18. How do Hfr and F' cells transfer their DNA to a F- strain?
19. Plasmids are circular, extra chromosomal, double stranded DNA molecules. Plasmids can provide new traits to an organism through the genes they carry in their DNA. What are some of the new traits that an organism may acquire from a plasmid?
20. Why can transposable elements cause mutations? How do they contribute to the spread of antibiotic resistance?
21. Through recombinant DNA technology, scientists have been able to get microorganisms to express useful human proteins that are presently used in health care. What are the 4 basic steps needed to bring a human fragment of DNA into a plasmid, which will be introduced into a recipient bacterium for ultimate expression of that human protein. Understand the importance of both the plasmid and restriction enzymes in this technique.
22. Know the 5 steps of viral replication for both animal viruses and bacteriophages.
23. What would a growth curve for a bacteriophage look like?
24. What are the two ways a enveloped virus can enter a human host cell?

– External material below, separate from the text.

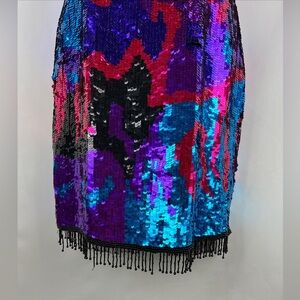 Beautiful Sean Collection Sequin Beaded Bodycon Fringe Pink Blue Black Purple Dress Size S - ''VINTAGE''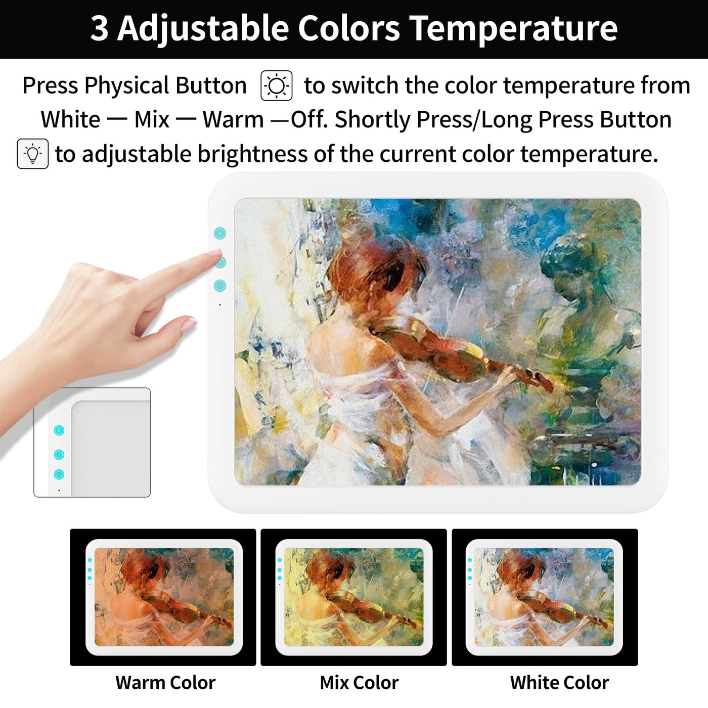 Q: Is the TOHETO Light Pad suitable for use in different lighting conditions?A: Yes, the TOHETO Light Pad offers 3 color temperature modes—cold white, regular white, and warm color—allowing you to choose the best lighting for your environment and protect your eyesight during extended use.

25. How does replication of a DNA virus differ from a RNA virus?
26. Why does a (-) sense RNA virus need to bring an enzyme called transcriptase into a host cell but the (+) RNA virus does not need to?
27. Define Viral Latency.
28. Define Teratogenesis. What viruses are known to cross the placenta?

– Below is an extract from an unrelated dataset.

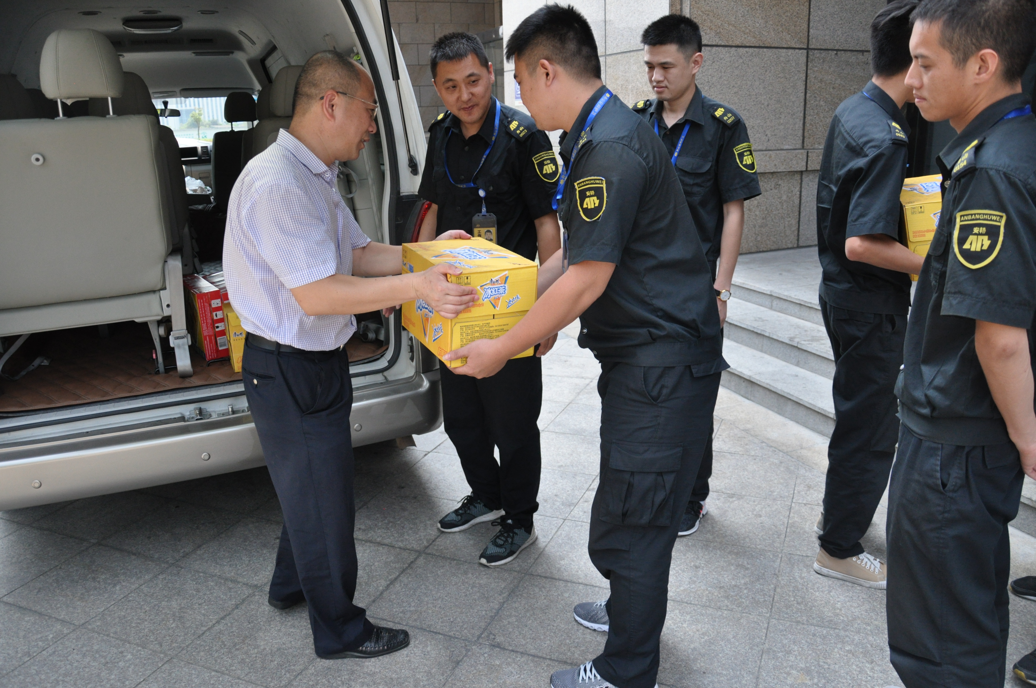7月25日上午,公司党委书记,总经理茹新奋带领工会工作人员到下属各中队进行走访慰问,为他们送去了风油精、藿香正气水、仁丹、十滴水等防暑降温药品和饮品,给在高温酷暑里辛勤工作的员工们送上一份清凉。
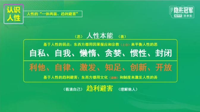 但人性的真相是:所有的人性假設都不抵“人性本能”。所以要理解人性本能背后的貪婪、欲望、動(dòng)機和行為失控而導致的緣起。理解一切看似非理性行為決策的背后的人性劣根性。

29. Many viruses are associated with human cancers. Integration of viral DNA into host DNA can cause expression of viral proteins (oncogenes) which results in unregulated growth of the host cells. RNA tumor viruses may even carry genetic information from a host cell that it previously infected. This genetic information (proto-oncogene) may become expressed in the new host cell and lead to uncontrolled growth. Know which viruses are associated with cancer such as Papillomavirus.